2. Basel regulations wished-for more conservative measures for the counterparty credit risk
calculations. This was obtained after historical data and economic and market stress
were included in the calculations. To calculate the correlation between a firm’s financial
asset value and the economy a multiplier of 1.25 was applied, which means they needed
more capital.

3. The leverage-ratio gives a non-risk-based measure. The higher the leverage the lower
the possibility of loss in a rough time. In Basel III the leverage regultions have two
objectives, avoid differing methods of calculating risk-weighted assets and create a level
playing field globally. By trying to keep a low leverage ratio, the money from lenders
would decrease.
Off balance sheet is a form of financing in which large capital expenditure are kept off
balance through different method. Most likely used to keep leverage ratios low. By
including the off-balance sheet investors can examine the true leverage ratio of banks. If
the off-balance sheet leverage ratio is higher than the normal one that could mean the
bank does a lot of financial commitment in the market.

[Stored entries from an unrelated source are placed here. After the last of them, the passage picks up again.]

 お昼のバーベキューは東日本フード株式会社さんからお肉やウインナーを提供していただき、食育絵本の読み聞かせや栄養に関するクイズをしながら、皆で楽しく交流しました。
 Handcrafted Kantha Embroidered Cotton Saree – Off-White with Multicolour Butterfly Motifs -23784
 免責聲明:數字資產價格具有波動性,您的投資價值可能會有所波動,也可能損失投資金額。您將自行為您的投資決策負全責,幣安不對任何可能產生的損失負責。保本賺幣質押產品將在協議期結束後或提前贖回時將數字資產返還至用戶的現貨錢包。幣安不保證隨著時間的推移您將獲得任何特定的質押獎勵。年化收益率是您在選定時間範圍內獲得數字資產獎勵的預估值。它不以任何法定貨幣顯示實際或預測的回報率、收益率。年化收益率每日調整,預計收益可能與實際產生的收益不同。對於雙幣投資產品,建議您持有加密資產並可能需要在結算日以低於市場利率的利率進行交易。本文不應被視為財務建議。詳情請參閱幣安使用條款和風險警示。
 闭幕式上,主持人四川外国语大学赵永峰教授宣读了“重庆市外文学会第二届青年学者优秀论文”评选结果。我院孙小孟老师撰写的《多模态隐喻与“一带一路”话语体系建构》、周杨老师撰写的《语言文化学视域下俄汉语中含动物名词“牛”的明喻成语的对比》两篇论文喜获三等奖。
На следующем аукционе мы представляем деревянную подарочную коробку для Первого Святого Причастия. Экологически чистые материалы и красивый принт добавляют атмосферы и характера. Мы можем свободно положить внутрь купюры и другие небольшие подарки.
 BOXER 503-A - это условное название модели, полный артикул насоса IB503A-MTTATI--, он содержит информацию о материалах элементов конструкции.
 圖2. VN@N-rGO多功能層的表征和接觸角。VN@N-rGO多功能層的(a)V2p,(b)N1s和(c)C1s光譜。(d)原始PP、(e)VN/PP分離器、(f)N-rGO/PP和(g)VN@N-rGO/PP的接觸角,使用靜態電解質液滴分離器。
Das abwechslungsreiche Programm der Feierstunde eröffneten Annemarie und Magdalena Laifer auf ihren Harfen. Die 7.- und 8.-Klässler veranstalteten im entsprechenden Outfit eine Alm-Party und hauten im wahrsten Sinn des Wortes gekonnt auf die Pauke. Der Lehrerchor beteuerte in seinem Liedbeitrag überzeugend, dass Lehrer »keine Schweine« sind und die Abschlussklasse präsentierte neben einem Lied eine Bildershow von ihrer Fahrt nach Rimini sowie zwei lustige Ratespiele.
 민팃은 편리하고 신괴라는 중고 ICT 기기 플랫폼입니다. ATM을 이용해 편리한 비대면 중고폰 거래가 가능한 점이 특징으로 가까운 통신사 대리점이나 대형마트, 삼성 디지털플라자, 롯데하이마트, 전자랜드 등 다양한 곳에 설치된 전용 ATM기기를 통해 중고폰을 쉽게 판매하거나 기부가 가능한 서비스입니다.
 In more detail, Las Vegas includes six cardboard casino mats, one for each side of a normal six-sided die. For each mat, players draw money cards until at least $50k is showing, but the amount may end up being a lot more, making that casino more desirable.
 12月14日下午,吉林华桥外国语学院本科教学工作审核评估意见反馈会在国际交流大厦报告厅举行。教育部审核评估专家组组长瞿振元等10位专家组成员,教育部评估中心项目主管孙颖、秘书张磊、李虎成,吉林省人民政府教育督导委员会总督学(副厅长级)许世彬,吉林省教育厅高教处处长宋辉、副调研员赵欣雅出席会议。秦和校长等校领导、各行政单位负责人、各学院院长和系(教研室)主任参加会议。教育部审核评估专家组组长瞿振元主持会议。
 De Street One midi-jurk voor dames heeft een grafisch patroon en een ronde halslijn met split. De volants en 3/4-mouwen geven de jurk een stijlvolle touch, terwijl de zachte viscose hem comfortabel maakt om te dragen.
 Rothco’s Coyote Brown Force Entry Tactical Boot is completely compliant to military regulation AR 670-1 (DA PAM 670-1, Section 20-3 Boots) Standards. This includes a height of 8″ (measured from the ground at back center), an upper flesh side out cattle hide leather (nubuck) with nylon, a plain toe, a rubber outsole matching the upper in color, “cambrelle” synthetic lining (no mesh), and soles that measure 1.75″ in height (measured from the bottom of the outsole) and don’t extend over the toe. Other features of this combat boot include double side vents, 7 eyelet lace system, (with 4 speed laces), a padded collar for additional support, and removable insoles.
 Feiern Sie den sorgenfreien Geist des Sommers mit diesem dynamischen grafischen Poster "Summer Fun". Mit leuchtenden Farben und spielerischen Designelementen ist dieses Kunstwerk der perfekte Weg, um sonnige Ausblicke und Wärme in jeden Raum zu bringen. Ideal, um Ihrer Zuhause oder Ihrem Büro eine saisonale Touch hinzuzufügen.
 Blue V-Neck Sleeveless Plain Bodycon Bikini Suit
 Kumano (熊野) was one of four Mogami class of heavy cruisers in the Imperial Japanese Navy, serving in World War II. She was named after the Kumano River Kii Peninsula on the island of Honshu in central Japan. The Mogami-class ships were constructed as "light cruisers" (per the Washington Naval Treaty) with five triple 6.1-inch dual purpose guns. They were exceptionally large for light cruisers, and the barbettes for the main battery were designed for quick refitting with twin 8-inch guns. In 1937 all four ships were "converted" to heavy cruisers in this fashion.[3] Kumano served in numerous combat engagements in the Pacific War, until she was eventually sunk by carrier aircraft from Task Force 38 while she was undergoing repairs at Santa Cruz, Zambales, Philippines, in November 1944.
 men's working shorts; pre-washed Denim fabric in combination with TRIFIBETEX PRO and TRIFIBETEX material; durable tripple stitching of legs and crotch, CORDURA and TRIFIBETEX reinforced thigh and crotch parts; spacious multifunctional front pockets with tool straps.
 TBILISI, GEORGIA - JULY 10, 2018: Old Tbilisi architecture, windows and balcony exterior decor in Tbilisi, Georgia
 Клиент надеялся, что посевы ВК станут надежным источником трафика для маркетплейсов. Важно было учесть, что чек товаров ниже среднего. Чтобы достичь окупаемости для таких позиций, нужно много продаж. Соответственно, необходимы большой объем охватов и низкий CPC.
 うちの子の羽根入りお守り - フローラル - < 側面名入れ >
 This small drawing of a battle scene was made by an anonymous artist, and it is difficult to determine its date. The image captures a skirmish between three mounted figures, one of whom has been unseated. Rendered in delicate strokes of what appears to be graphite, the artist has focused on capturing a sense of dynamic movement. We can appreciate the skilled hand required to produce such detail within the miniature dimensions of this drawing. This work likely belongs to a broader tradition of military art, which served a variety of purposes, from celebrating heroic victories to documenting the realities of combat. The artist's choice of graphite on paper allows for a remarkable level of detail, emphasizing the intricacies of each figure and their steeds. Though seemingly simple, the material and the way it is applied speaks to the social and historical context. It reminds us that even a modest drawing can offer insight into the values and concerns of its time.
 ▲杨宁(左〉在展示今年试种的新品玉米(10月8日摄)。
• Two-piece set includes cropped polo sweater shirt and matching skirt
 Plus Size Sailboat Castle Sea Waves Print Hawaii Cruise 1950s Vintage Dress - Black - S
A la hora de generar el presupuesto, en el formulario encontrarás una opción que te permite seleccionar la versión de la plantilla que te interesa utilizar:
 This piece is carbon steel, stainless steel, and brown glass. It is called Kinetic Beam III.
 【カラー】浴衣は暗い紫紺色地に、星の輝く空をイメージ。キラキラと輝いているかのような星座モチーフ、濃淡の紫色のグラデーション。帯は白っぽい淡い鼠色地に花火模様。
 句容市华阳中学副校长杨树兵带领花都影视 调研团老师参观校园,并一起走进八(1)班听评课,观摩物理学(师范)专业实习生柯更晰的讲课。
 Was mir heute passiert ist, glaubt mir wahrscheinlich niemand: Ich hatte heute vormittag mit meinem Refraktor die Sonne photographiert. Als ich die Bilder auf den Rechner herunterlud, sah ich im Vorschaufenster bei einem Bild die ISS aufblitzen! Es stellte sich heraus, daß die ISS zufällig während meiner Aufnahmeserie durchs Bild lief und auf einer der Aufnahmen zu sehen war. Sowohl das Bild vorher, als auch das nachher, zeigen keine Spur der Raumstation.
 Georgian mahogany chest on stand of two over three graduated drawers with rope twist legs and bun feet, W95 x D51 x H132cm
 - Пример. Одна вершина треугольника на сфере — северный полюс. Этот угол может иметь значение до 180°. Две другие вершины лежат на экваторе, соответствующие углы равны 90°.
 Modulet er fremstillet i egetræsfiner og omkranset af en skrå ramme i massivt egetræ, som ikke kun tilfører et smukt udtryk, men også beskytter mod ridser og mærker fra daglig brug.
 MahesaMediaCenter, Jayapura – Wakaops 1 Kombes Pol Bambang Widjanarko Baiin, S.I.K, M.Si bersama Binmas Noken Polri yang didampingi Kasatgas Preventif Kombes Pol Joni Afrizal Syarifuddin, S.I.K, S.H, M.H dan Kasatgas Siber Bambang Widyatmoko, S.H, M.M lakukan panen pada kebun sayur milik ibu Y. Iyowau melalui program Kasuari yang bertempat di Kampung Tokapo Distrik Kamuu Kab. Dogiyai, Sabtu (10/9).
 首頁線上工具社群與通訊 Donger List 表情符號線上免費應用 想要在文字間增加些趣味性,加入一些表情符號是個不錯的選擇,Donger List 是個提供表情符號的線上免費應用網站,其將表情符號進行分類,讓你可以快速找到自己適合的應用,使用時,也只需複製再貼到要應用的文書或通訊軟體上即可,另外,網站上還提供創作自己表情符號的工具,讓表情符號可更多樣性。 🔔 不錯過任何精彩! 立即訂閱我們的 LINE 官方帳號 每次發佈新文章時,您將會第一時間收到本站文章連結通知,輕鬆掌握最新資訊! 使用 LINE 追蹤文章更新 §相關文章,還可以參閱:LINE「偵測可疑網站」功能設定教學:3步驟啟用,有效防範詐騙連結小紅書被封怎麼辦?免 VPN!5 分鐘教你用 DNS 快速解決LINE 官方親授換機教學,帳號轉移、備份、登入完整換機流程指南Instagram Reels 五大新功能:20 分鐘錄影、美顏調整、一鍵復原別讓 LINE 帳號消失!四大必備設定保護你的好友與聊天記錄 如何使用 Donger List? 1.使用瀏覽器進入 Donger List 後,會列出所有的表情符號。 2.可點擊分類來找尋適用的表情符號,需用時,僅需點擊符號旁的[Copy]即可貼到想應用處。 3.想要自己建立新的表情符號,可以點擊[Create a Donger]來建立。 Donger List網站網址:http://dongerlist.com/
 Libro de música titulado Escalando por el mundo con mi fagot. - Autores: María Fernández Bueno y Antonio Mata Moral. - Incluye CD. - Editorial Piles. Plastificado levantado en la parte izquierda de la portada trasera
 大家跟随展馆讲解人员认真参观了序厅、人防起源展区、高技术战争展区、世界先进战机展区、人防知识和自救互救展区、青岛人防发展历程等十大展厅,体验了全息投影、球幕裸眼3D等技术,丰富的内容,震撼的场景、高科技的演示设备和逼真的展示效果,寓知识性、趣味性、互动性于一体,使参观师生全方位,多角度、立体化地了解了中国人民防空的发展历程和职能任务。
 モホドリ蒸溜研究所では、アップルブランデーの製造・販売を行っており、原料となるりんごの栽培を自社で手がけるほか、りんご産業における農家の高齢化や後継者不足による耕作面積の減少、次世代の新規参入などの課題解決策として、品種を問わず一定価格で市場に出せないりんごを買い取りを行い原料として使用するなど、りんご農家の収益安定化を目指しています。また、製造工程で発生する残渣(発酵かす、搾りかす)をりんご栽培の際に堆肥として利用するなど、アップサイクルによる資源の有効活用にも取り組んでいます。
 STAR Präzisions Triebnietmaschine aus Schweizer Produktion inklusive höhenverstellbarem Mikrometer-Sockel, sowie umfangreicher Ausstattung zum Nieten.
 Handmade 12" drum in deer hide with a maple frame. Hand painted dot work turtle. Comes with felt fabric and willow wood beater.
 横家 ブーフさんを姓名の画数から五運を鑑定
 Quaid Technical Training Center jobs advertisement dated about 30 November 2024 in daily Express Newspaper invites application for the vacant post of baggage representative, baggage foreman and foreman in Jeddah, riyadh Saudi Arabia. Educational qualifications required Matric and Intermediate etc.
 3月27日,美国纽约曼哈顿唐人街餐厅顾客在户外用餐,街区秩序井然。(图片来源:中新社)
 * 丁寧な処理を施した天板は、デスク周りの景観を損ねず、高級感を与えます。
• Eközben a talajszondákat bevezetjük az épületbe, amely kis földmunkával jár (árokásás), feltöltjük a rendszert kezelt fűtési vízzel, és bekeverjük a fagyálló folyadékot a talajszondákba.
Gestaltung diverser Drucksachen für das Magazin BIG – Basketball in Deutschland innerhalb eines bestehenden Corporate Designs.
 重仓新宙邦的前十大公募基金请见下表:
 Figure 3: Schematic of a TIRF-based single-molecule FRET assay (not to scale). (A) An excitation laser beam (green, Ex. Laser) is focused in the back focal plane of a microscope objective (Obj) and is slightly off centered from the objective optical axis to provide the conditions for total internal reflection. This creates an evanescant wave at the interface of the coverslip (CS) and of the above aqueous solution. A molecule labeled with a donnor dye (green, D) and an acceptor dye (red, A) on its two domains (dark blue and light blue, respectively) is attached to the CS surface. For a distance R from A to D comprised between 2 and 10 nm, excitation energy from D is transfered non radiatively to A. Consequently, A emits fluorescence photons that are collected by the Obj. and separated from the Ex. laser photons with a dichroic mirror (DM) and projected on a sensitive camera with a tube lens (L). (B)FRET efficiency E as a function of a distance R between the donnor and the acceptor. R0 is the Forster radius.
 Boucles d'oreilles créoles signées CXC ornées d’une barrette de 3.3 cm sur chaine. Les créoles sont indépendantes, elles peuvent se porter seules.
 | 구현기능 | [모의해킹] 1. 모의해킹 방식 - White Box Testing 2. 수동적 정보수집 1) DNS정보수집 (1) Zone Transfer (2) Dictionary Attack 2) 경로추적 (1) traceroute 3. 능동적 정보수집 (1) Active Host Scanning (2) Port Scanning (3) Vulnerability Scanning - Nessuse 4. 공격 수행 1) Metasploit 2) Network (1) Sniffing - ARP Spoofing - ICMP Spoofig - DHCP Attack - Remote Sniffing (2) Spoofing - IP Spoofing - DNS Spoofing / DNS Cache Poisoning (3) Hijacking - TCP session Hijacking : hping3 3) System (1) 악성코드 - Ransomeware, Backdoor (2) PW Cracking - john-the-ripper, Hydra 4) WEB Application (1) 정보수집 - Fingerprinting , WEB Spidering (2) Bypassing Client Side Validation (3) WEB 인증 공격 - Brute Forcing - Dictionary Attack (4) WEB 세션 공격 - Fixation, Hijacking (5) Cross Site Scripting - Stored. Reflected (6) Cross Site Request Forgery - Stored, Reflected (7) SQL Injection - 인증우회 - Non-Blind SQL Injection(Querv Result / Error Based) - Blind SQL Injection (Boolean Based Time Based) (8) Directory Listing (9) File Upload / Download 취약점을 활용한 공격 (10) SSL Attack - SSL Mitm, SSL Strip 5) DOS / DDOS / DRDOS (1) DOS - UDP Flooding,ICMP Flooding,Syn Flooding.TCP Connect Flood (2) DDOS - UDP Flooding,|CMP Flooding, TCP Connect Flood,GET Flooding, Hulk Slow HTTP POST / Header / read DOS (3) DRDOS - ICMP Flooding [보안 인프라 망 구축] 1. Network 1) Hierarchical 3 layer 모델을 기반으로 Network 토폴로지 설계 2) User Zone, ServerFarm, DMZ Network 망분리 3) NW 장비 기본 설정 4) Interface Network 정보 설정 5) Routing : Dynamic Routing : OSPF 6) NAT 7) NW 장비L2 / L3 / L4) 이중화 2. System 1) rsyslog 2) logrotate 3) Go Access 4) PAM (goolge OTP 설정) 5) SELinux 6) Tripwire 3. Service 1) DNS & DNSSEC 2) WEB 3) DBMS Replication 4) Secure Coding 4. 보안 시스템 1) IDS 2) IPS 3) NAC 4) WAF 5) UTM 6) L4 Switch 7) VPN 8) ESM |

4. To limit counterparty credit risk banks are required to use historical data when estimating
correlation assumptions and volatility in internal risk measurement model. Basel III
requires banks to also include economic and market stress in the model. For a further
measure we also need a quantifying method such as a calculation of the expected loss
of the counterparty, for this we can use probabilities of default, exposure at default and
loss given default. Counterparty risk management policy can be implemented after
analyzing these results.

5. The liquidity framework aims to improve banks liquidity problems in the market. By
setting rules for the asset and liability sides of the bank balance sheet, regulations can
moderate liquidity risk. In Basel III, the 2 main liquidity ratios are liquidity coverage ratio
(LRC) and net stable funding ratio. The main use of liquidity ratios is to ensure banks
maintain a level of assets that can be converted to cash in a short amount of time.
6. Basel III will the restrictions and specificity to male the framework more difficult to
implement globally. Basel III can be an obstacle to some developing or emerging
countries. Developing economies will be affected by the liquidity coverage ratio, the
high-quality assets that can be converted to cash quickly are in short supply in these
countries. Counterparty risk will also be unfair to emerging countries given that
developed countries can control risk by hedging, but these alternatives are only available
in modern financial countries.

Emerging countries would have a hard time following the Basel III they will suffer a lot
because of little to no solutions to counterparty risk. Thus, domestic regulations to
supplement Basel III are a must to maintain a competitive ability.